Éste publicó su defensa en enero de 1933. Por otro lado, bromas como la del secuestro y del envío intencional por parte de Eisenstein de un baúl lleno de dibujos eróticos y fotografías explícitas al “puritano” productor, que lo mantuvo dando explicaciones en la aduana estadounidense por dos días, enfurecieron a Sinclair justo antes de que Eisenstein se trasladara a Los Ángeles para negociar la edición de la película. Los arranques satíricos no fueron bien recibidos y sus consecuencias fueron desastrosas.
Después de 53 mil metros de cinta filmada y catorce meses de estancia en México, el viaje del director soviético terminó. Nunca volvería a México. Se embarcó en Nueva York hacia Europa el 19 de abril de 1933. Algunas escenas del epílogo alcanzaron a ser filmadas cuando el equipo de cineastas se acercó al gobierno mexicano para intentar financiar la realización del último episodio. Mujeres y hombres bailaban rumba con máscaras de calavera, “en una muesca irónica de vida y muerte”, escribió Eisenstein.
Las ruedas de la fortuna y los carruseles en una feria dibujaban círculos, de nuevo los de la vida y la muerte. La opresión y la violencia de Maguey y la lucha revolucionaria en Soldadera, darían paso a un capítulo final en el que peones, proletarios y niños triunfaban, pues al descubrir sus rostros la cámara se encontraría con una sonrisa esperanzadora.
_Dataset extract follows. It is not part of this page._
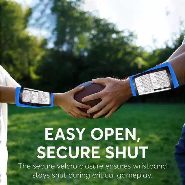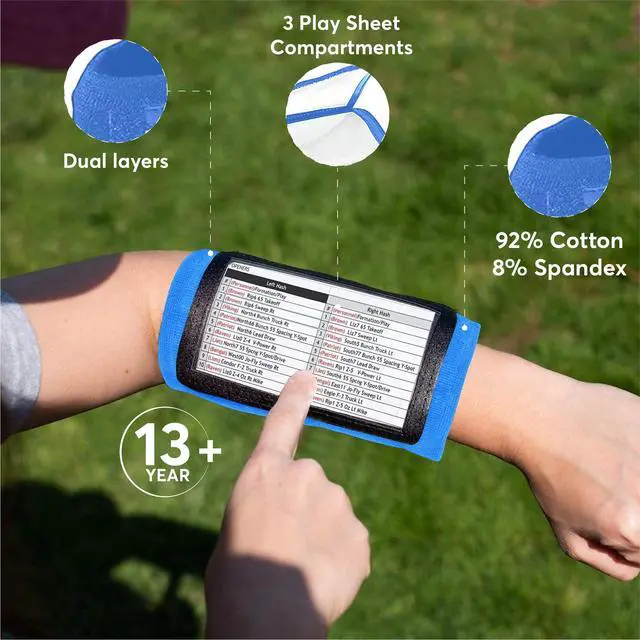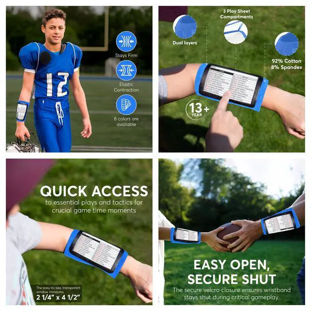 The QB Wristband provides the ability to review your plays on field and call out positions with ease when necessary. Not only is this convenient but it also increases chances of winning the game and improving both yours and your team's performance.The wristband is designed to fit youthplayers of any sport including but not limited to: basketball, lacrosse, soccer, different variation of football, rugby etc.. The playbook is made of cotton and spandex and thus is built for durability and comfort. The velcro portion ensures that it remains on your arm. With Many Size options available order your pack today for an amazing price!

En cambio, los personajes de las clases dominantes, contemporáneos y del pasado, no tendrían piel, ni rostro, sino el cráneo hueco de una calavera al retirar sus máscaras.
Eisenstein escribió años después: “Quien no sea mexicano no debe reírse de la muerte. A quien osa reírse lo castiga la terrible diosa de la Muerte. A mí me envió la muerte de esa escena y la muerte de toda la película”. Sin embargo, añadía, no había quedado en deuda con ella. La presencia de Eisenstein resultó una fuerza renovadora que generaría múltiples e insólitas visiones sobre México.